# Method of images tutorial?

I'm having an exam in Electrodynamics soon. I think I have most of it under control, but the method of images I'm not quite sure about.

There is not much in my book about, so I was thinking some of you might knew a website, article or something like that, maybe even with examples, that could help be get that last piece of the puzzle in my head?

I have tried Google, but I didn't find much to be honest. That's why I ask here.

-
Isn't it just a symmetry argument? – Bernhard Jun 18 '13 at 15:05
could you let us know what you can understand about it and what you're having problems with? – Jim Jun 18 '13 at 15:05
The main idea is, with a conductor with potential = 0, and a external charge $q$, to calculate the potential, in some domain (depending on the problem, this will be the whole space, or half-space, or interior of sphere, etc...), by adding an imaginary opposite charge $-q$ at some place, such as the sum of the 2 potentials created by the 2 charges will be zero on the conductor. – Trimok Jun 18 '13 at 16:43
The Method relies on the uniqueness of solutions to the boundary value problem for electric potentials. So you (1) remember the cases done in your book (planes and spheres typically) and (2) if you have to do a new geometry you must intuit the image distribution well enough to set up a solvable system to get the boundary potentials. – dmckee Jun 18 '13 at 17:01
I found the explanation in Volume II of the Feynman lectures to be quite illuminating. – Mark Allen Jun 18 '13 at 20:40

• An infinitesimally thin grounded sheet AB (I know the diagram is quite different but just assume it)
• A charge $q$ present at right side at distance $l$ from the sheet

"Let me tell you that our purpose of grounding is just to develop zero potential over the sheet. There is nothing more use of it."

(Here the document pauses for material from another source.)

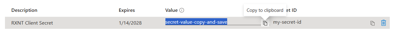 After the OAuth client is created, the page will display your new client credentials. Make sure to copy and safely save the Client Secret (in the Value column), as you'll need to enter it into RXNT in the next step. Azure will not display the value to you again.

So the Image Method let you assume that in this situation (i.e. In which there is zero potential sheet and there is a charge $q$ present at distance $l$ from it) then you can assume that there will be another charge of same magnitude as of $q$ but will be of opposite sign (i.e. $-q$ here).

I had tried to show that totally 'imaginary' image in the figure boxed inside.

Now the main point, You must be thinking that what is the use of it.

Well, from image method you can find the net force acting here which will be,

$$F=\frac{1}{4πε_0}.\frac{q.q}{(2l)^2}$$

which implies,

$$F=\frac{1}{4πε_0}.\frac{q^2}{4l^2}$$

Similarly you can find Electric field and other electrostatic terms.

-